In times like these, true disciples may become endangered species, but by the grace of God, they have never become extinct. The Church is forever indebted to those prophets and prophetesses who have, at critical times in history, spoken out against popular accommodation, often sacrificing their reputations or lives in an effort to preserve the integrity of the Church. (I think of John Wycliffe, Dietrich Bonhoeffer, Sojourner Truth, and Martin Luther King Jr., ) In fact, some of the greatest accomplishments in history, such as the abolition of slavery, resulted from counter-cultural action from the Church. Evolution can only occur when there is a distinction between allowing the culture to inform and influence us (as it inevitably will), and allowing it to control us. The trick is knowing the difference, and therein lies the struggle.
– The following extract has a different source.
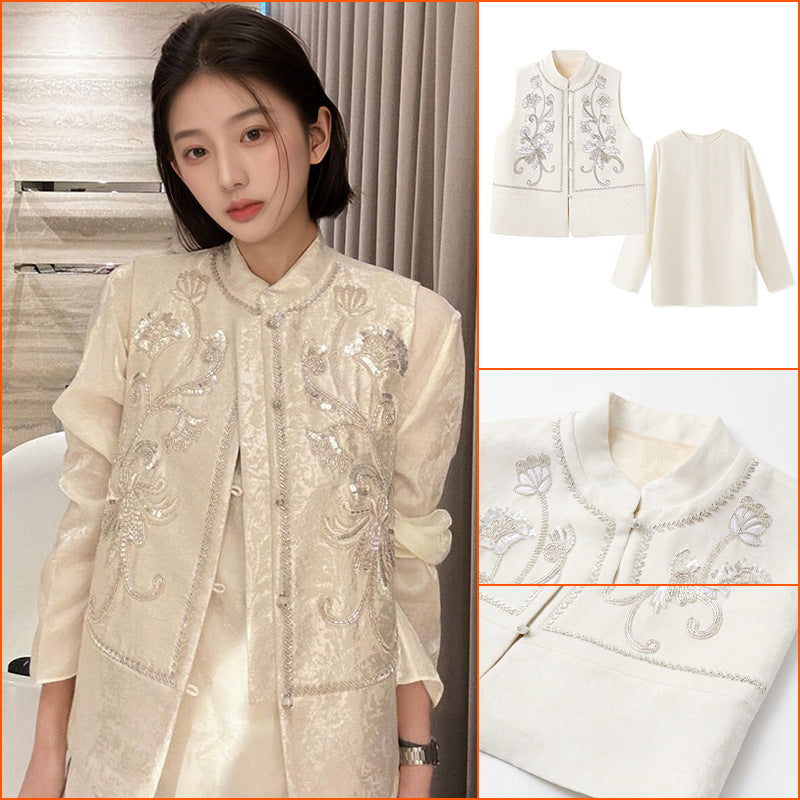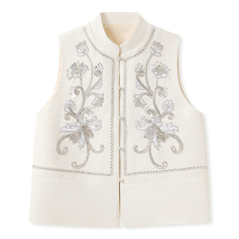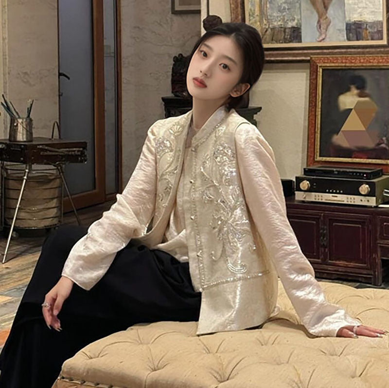 New Chinese high-end sequined embroidered design shirt spring national style disc-buckled stand-up collar vest MZ064

When it comes to modernism and postmodernism, I don’t really think one is worse than the other or that they are inherently good or bad. They just are.

Modernism brought with it great advances in science and technology. It helped Christians more reasonably articulate their faith, and provided a framework that supported their efforts to abolish slavery and make progress on major human rights issues. At the same time, the Enlightenment’s emphasis on intellectual autonomy and rationalism has led to the assumption that in order for Christianity to be intellectually viable, God’s existence must be proven empirically. I think the evangelical community has gotten to a point where it is so steeped in modernism’s emphasis on rationalism that it is obsessed with apologetics, emphasizing orthodoxy (right belief) over orthopraxy (right action).

The advantage of postmodernism is that it draws attention to the fact that all knowledge must be taken on faith. However, postmodernism, (though less defined), has its problems too, particularly as it is (mis)interpreted by popular culture. For example, when people say all religions are “more or less the same,” I worry that we’re moving to a point where we fail to recognize the unique differences between world religions and the things that distinguish the gospel of Jesus from other belief systems.

The thing is, it’s pretty much impossible not to be influenced by one’s culture. To assume that, as Christians, we can stand outside of our own interpretive communities and interpret the Bible and our culture objectively is actually a very modern way of thinking. It’s just not that easy to “rise above” one’s place in time and history in order to render a judgment about it.

I don’t think we are moving from one cesspool to another, just one age to another. There are things we can learn from the culture. There are things we should challenge about our culture. But I think it is inevitable that we will be changed by our culture.